Thank you for your time.
We have contacted our internal team to check whether we have any math calculation on the number of clock cycles required for this transfer. We will let you know at the earliest.
Thank you, seems like a fairly basic characteristic that needs to be understood to determine a benchmark performance since moving data to and from Flash is a common operation. Is this not needed for any OTA update or boot loading operation in and out of the device.
Look forward to learning more.
I'll try my best to explain.
The Flash is operating at 33MHz, so when your CPU is running with a faster Clock than that there has to be wait cycles added to the read operations. To compensate these wait states:
- the Flash is accessed with 128bit width each read operation
- For repeated access to the Flash (running the program) there are two 8KiB caches (one per core) added. Thus loading your program loop that is copying the data should only effected by these waitstates during the first pass, when it is loaded to the cache. After that it is executed with zero wait states from cache instead of flash.

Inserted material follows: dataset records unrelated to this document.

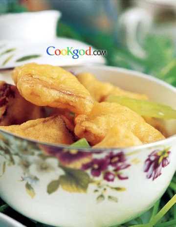 皮脆肉烂,香酥可口。挂糊时如果挂不上,可先沥干肉片上的水,拍些干粉后再挂糊。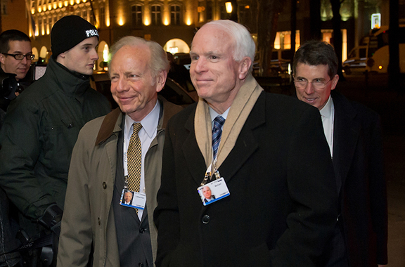 Former U.S. Sen. Joseph Lieberman of Connecticut with U.S. Sen. John McCain at the Munich Security Conference in Munich, Germany, Jan. 31, 2014. Photo credit: Joerg Koch/Getty Images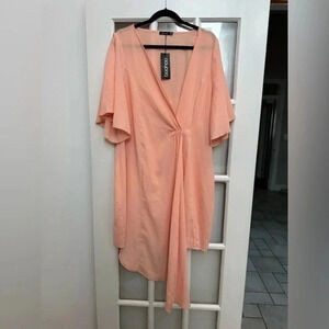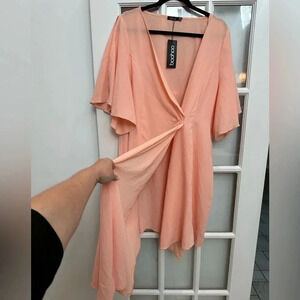 Boohoo | Blush Pink Sarah Wrap Woven Occassion Dress Plus Size 20 US NWT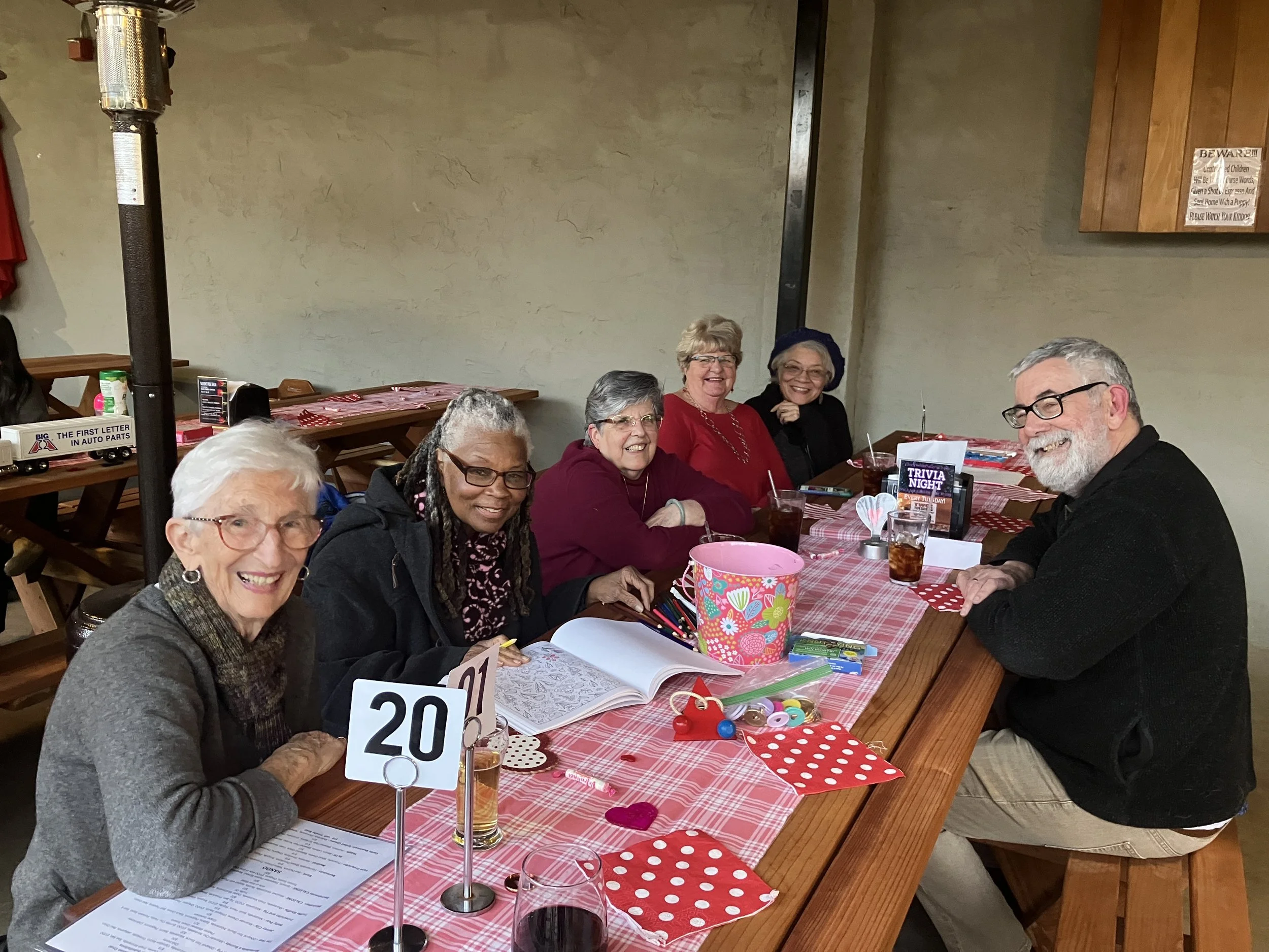 Twenty Bethany members and friends (ranging in age from infant to octogenarian) gathered at Hop Gardens Neighborhood Tap Room the evening of February 13 in observance of Palentine’s Day, a celebration of friendship. Stoked by pizza and beverages, everyone enjoyed lively conversation and table games (which is why you see a few fun mustaches in the pictures!)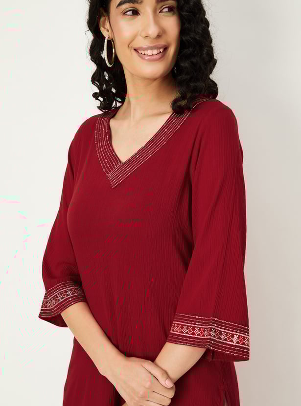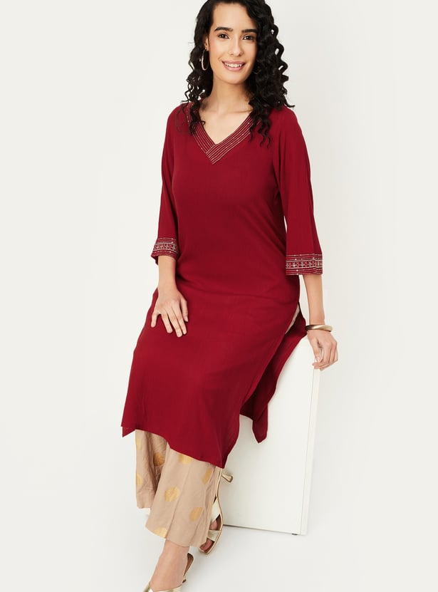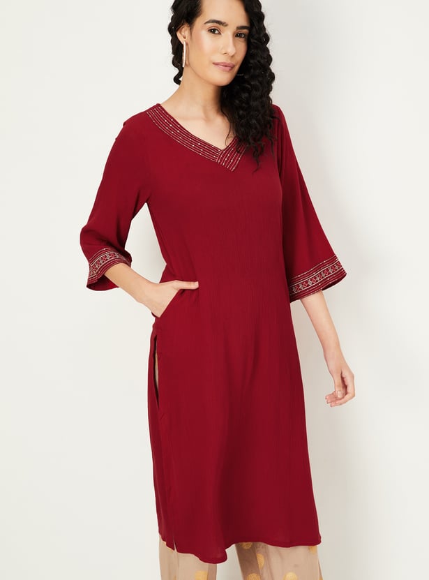 A stunning addition to your ethnic wardrobe, this kurta features a V-neck with embroidery detailing, side pocket, three-quarter sleeves, and knee-length construction. Perfect for any occasion, it combines traditional charm with contemporary style.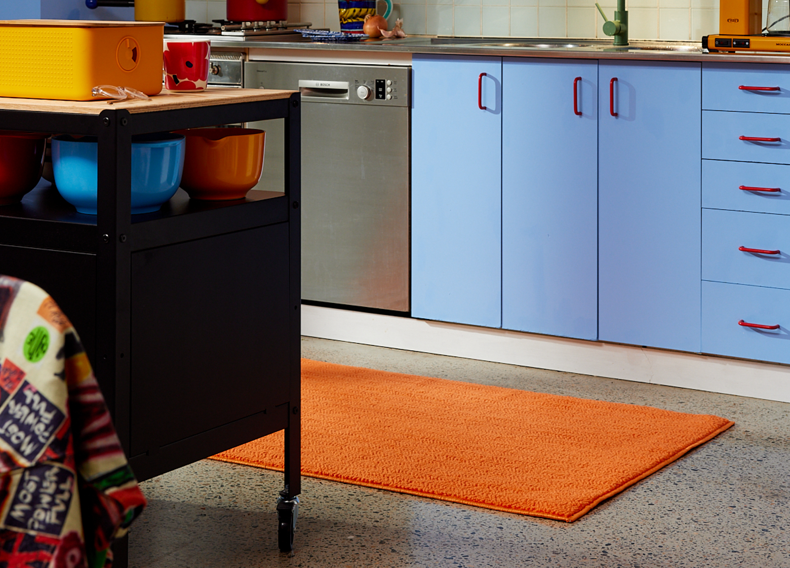 To avoid clutter in a small kitchen, choose a petite 60x90cm rug for the front area of the sink. The rug’s proportions are perfect for this type of setup.

Here are the wait states/cycles for the Flash for different HF_CLK speeds.
Numbers are from the Architecture TRM page 101 (https://www.cypress.com/file/399201/download)
For the DMA it depends on your setup, but basically you have setup times for loading the descriptors (12/13 cycles) and then 3 cycles for each data package within the DMA loop. Assuming you won't use single transfers (14 cycles per transfer).
But in addition there will be possible wait states that are caused by the CPU accessing the Flash in parallel (if data was not cached), this is caused because the CPU has higher priority, so the DMA cant cause CPU stalls by blocking the bus.
Regarding the DMA performance there is a good chapter in the Architecture TRM on page 85 (https://www.cypress.com/file/399201/download)
Thank you Achim, this is the level of answer we were looking for.
So DMA is looking to be the fastest way to go assuming a single thread focus and limiting interrupts we should be able to use the DMA to do a burst transfer from Flash to RAM of 13 cycles for setup and 3 cycles per data package in our case 32b word. For a 64 Lword transfer could be as fast as 205 sysclk cycles is this correct?